He whirled her around and around. “We dance well together, don't you think?” He asked.

“Beyond the shadow of a doubt.”

She hadn't had a drop to drink yet, but she couldn't help smiling like a silly drunkard. It was so beautiful. The lights were falling down upon them like sunrays, and she was dizzy and flushed and it seemed that her feet barely touched the floor. She could vaguely hear people whispering, and she knew what they were saying—that she and Brent were beautiful together, that it was magical—

“It will never last. It can't last.”

At the head table with Liz, Chad, Geoff, Gary McCauley, and his girlfriend Trish, Tina sighed and made the comment. Liz swallowed another sip of champagne, and shook her head woefully at Tina.

“What on earth are you talking about? They're gorgeous out there. I'm green with envy.” She sighed softly, resting her chin upon her hands and staring out at the floor. “Know what they remind me of? The end of
Sleeping Beauty
when Aurora and the Prince are just dancing and dancing and two of the good fairies keep zapping her gown from blue to pink. And she's just oblivious to it all because she's dancing with her prince...”
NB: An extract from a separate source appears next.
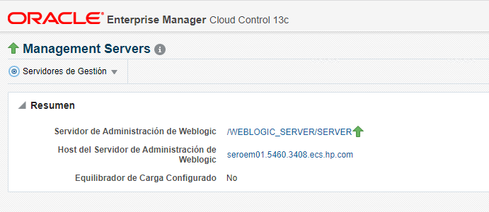 Ahora, necesitas conectarte a la máquina donde tengas el OEM instalado y navegar por el menú superior a Configurar > Gestionar Cloud Control > Servidores de Gestión. Ahí, encontrarás el FQDN del servidor Weblogic:
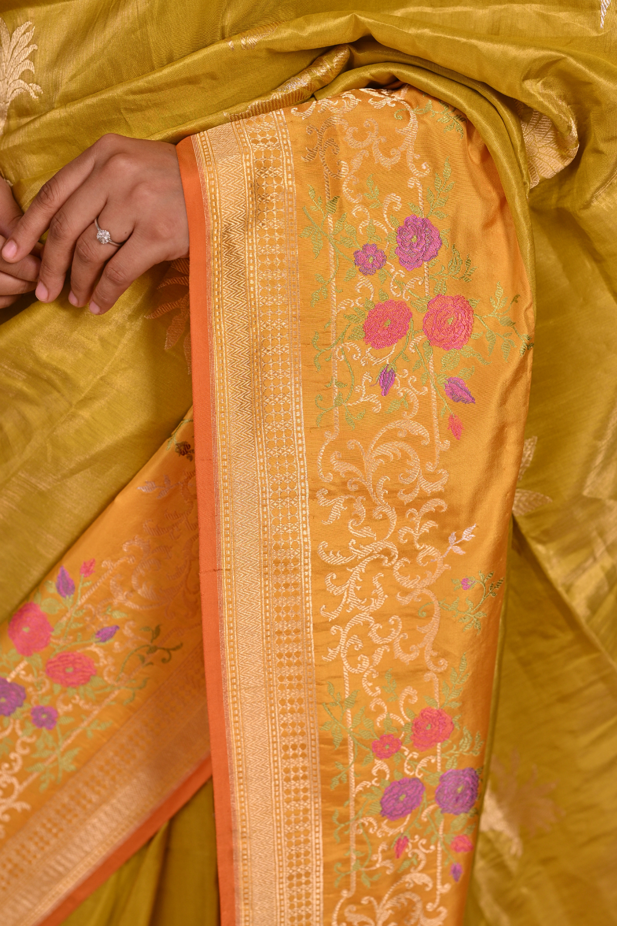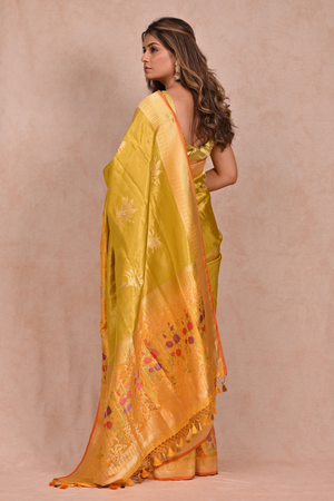 Light Mustard Tissue Silk Banarasi Saree

Geoff laughed at Liz and Liz flushed and Tina admitted that they were beautiful. “But it's too soon! They barely know each other.”

“I think they know each other very well,” Geoff stated firmly. “And Liz, you're either a great romantic or a complete nut case. Come on, let's dance.”

The floor began to fill with people. Jonathan McCauley cut in on his son, and Brent danced with his mother. The band played waltzes and ballads at first, then it showed its versatility by switching to numbers by the Police and Crowded House, before settling down to a series of Beatles tunes. Brent and Gayle danced and ate roast filet of beef and sautéed asparagus tips and wild rice and sipped champagne and laughed and talked with friends.

Suddenly Brent swept her dramatically off her feet. She laughed, staring into his eyes. “What's this?” she whispered.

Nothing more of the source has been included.